In low level programming, there are a lot of instances where we make use of bit masking.
In my project objcache, I used a bit masking technique which took benefit from the operating system’s address space structure. I want to share my understanding and request for your feedback.
In the program page sized buffers were allocated. The virtual address of a random offset of a page was available and then I needed to find the base address of that page where a struct was stored. The GET_SLABBASE parameterized macro at line no 11 in the image attached does the trick. Below I will try to explain why does it work and how we can take benefit from how the virtual address space is structured.
Note: This technique only works if the allocated memory is page aligned. mmap always returns a page aligned pointer but malloc may not. There is another glibc function posix_memalign which I used in my project to allocate memory with the required alignment.
The virtual address space provided by the kernel for each process consists of 2 parts which are virtual page number (VPN) and the offset. Assume that we have a 4 bit address space, then the first 2 bits represents the VPN and the latter 2 bits are offset. This structure helps mapping the VPN to the actual physical page frame number (PFN) using the page table entry (PTE).
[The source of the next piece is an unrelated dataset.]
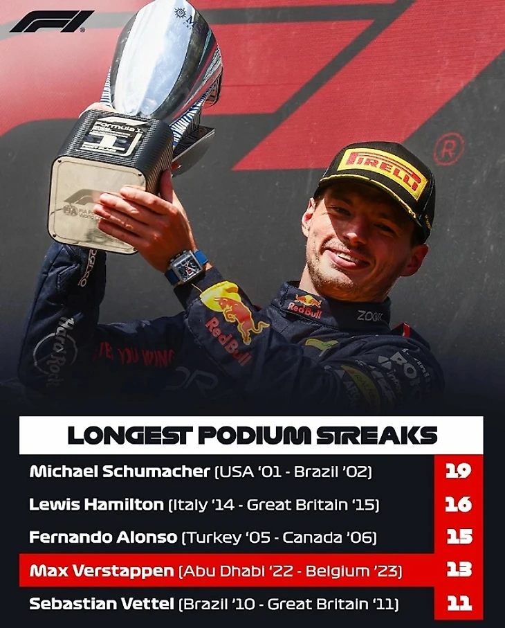 Рекорд всея Формулы-1 по подиумам подряд принадлежит Михаэлю Шмумахеру, легендарный немец приезжал в топ-3 на 19 этапах подряд - с США-2001 по Бразилию-2002. Как минимум, рекорд «Ред Булла» по данному показателю Макс уже обновил, превзойдя 11 подиумов кряду в исполнении Себастьяна Феттеля.

So with our 4 bits address space assumption, the total amount of addressable memory is 2^4 = 16 bytes. With first 2 bits as VPN, we can have 2^2 = 4 pages.
0 | 0000 --- page 1
1 | 0001
2 | 0010
3 | 0011 ---
4 | 0100 --- page 2
5 | 0101
6 | 0110
7 | 0111 ---
8 | 1000 --- page 3
9 | 1001
10 | 1010
11 | 1011 ---
12 | 1100 --- page 4
13 | 1101
14 | 1110
15 | 1111 ---Fig: 4 bit address space (16 bytes)
Find the base address of the page given the address of an offset. For ex: If the address 1010 is available from page 3, find the base address of page 3 which is 1000.
Since we know the fact that the first 2 bits of the address space represents the VPN, we need to clear the last 2 bits to get the base address. The offset mask to do this is page_size – 1 because page_size – 1 has all offset bits set, bitwise NOT operator flips the bits of the offset mask, then bitwise AND operator with the memory address clears the offset bits keeping only the VPN bits producing the base address.
Base address = offset & ~(page_size – 1)
= 1010 & ~(0011), because page size is 4 bytes.
= 1000, which is the base address of page 3.